Die Fahrschule Fahrwerk gleicht nun diese klimaschädliche Emission durch den Kauf von Klimaschutzzertifikaten aus. Anders formuliert: Sie finanziert ein Klimaschutzprojekt, das nachgewiesen die Treibhausemissionen um den Wert reduziert, den die Fahrschule Fahrwerk produziert - 8,5 Tonnen. Dahinter steckt die Erkenntnis, dass sich Kohlendioxid in der gesamten Erdatmosphäre ausbreitet. Es ist also unerheblich, ob die Einsparung an Emissionen am gleichen Ort erfolgt wie ihr Ausstoß.

Die Klimaschutzkonferenz von Kyoto hat aufgrund dieser Tatsache den Emissionshandel eingeführt. Ein wesentlicher Antrieb: Auch ärmere Länder der Welt dazu befähigen, Klimaschutzprojekte zu entwickeln.

Schnitzky hat sich für ein Wiederaufforstungsprojekt in der Provinz Sofala in Mosambik entschieden. Das Forstwirtschafts- und Wiederaufforstungsprogramm existiert seit 2002 mit dem Ziel der Wiedernutzbarmachung von stark degradierten Wäldern, der Erhaltung nachhaltiger Lebensräume sowie der Förderung der Biodiversität. Die Wiederaufforstungsmaßnahmen führen zur Speicherung von CO2, die bewusste Bepflanzung auch mit landwirtschaftlichen Nutzpflanzen wie Mango und Cashew sollen der lokalen Bevölkerung direkt nutzen.

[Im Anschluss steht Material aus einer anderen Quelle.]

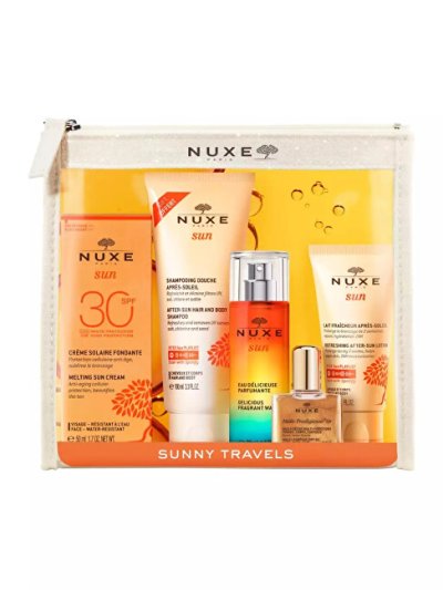 Opalovací krém na obličej SPF 30 Sun (Melting Cream High Protection) 50 ml Šampon po opalování na tělo a vlasy Sun (After-Sun Hair & Body Shampoo) 100 ml Osvěžující mléko po opalování na obličej a tělo Sun (Refreshing After Sun Lotion For Face And Body) 50 ml Tělová vůně Sun (Delicious Fragrant Water) 30 ml Multifunkční suchý olej se třpytkami Huile Prodigieuse OR (Multi-Purpose Dry Oil) 10 ml

Maic Schnitzky hat sich auch deswegen für dieses Programm entschieden, weil es drei wesentliche Kriterien für den Emissionshandel erfüllt: Es ist nachhaltig, es bezieht die örtliche Bevölkerung mit ein - und es muss auf die Finanzierung durch Klimaschutzzertifikate angewiesen sein.

„Als ich vom Angebot dieser Agentur gehört habe, war es für mich keine Frage, unsere Fahrzeugflotte klimaneutral zu stellen“, berichtet Maic Schnitzky. „Wir sind sehr stolz darauf, dass wir eine der ersten Fahrschulen in Deutschland sind, die diesen Weg gehen.“ Vorbild wolle man sein für andere Betriebe in der Region, sagt Schnitzky. Und auch wirtschaftlich verspricht er sich von seiner Initiative etwas: „Gerade für junge Leute ist der Klimaschutz oft wichtig - vielleicht ist es für den ein oder anderen Motiv, zu uns zu kommen.“

Das Klimaschutzprojekt in Mosambik folgt dem besonders strengen Standard „Gold Standard“, der unter Beteiligung des WWF und 40 weiterer Nichtregierungsorganisationen entwickelt wurde.

Zertifiziert wurde das Projekt durch den TÜV-Austria.